Ruling, September 21, 2004

STATE OF NEW YORK : DEPARTMENT OF ENVIRONMENTAL CONSERVATION

In the Matter of the Alleged Violation of Article
17 of the Environmental Conservation Law and
Part 612 of the Official Compilation of Codes,
Rules and Regulations of the State of New York,
by:

GARCIA BECK STREET CORP.,
Respondent.

RULING OF THE
ADMINISTRATIVE
LAW JUDGE

(Case No. 2-601039)

Summary

By written motion dated July 8, 2004, Staff of the Department of Environmental Conservation (Department Staff) requests that a default judgment be issued against Garcia Beck Street Corp. and Crescent Street Construction, pursuant to Section 622.15 of Title 6 of the Official Compilation of Codes, Rules and Regulations of the State of New York (6 NYCRR 622.15).
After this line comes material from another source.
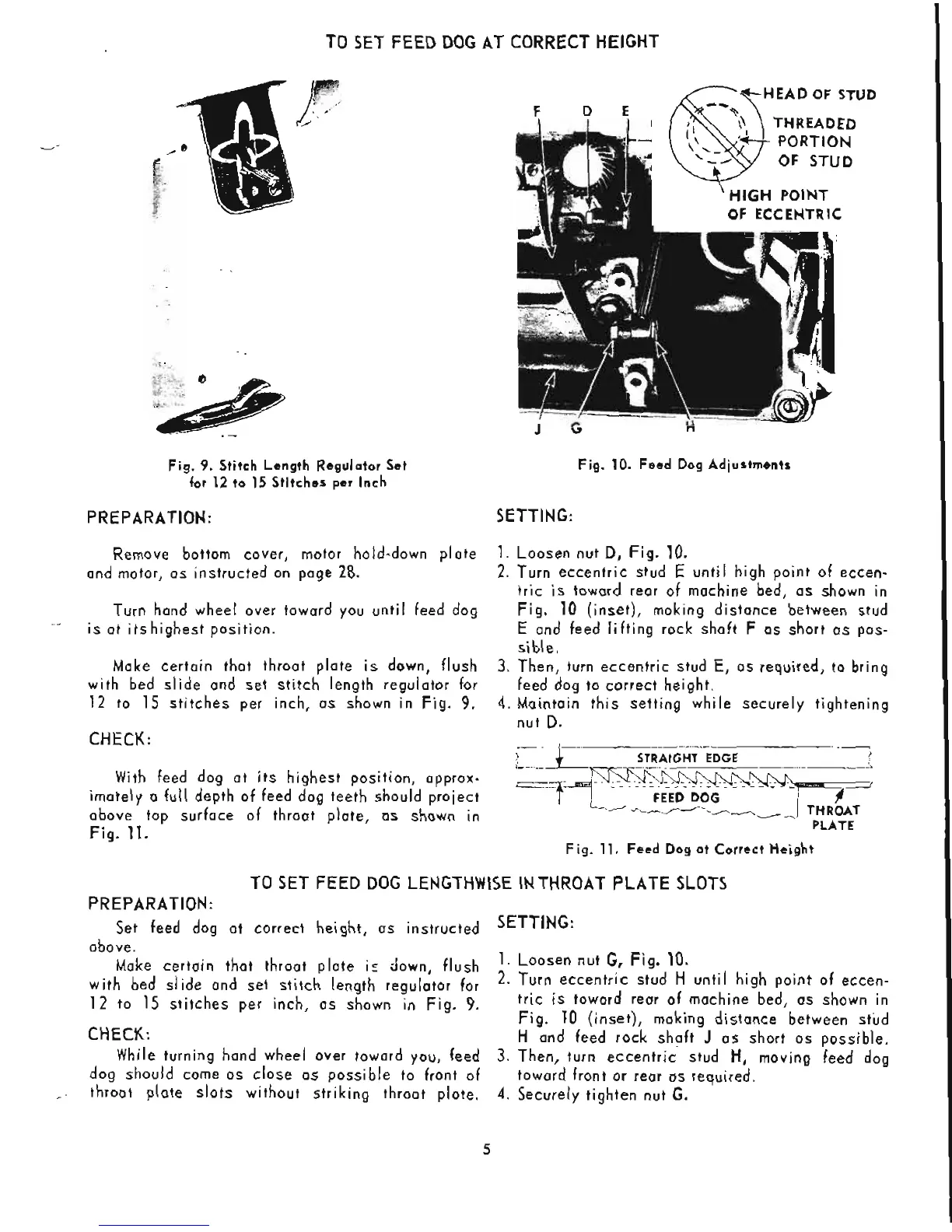 Singer 500 - Adjusting Feed Dog Height; Preparing and Checking Feed Dog Height; Setting Feed Dog Height; Adjusting Feed Dog Position Lengthwise

Staff maintains that Garcia Beck Street Corp. and Crescent Street Construction defaulted in this matter by failing to file a timely answer to Staff's complaint, and by failing to appear at a pre-hearing conference that was announced in Staff's notice of hearing.

Staff's motion cannot be granted as to either Garcia Beck Street Corp. or Crescent Street Construction. As further explained below, the motion cannot be granted as to Garcia Beck Street Corp. because Staff has not adequately demonstrated that Garcia Beck Street Corp. was served with the notice of hearing and complaint. Furthermore, the motion cannot be granted as to Crescent Street Construction because it was not named as a respondent in the notice of hearing and complaint.

Even if the motion could be granted, Staff's proposed order would have to be modified because, as drafted, it would require the submission of a completed application to register a petroleum bulk storage facility that Staff now acknowledges is currently registered with the Department.

Background

Department Staff initiated this action by a notice of hearing and complaint dated May 4, 2004. The complaint alleged that the Respondent, Garcia Beck Street Corp., failed to timely register its petroleum bulk storage facility located at 943 Bruckner Blvd., Bronx. This was alleged as a violation of 6 NYCRR 612.2, for which Department Staff sought payment of a Seven Thousand Five Hundred Dollar ($7,500) civil penalty and such other relief that the Commissioner should deem just and appropriate.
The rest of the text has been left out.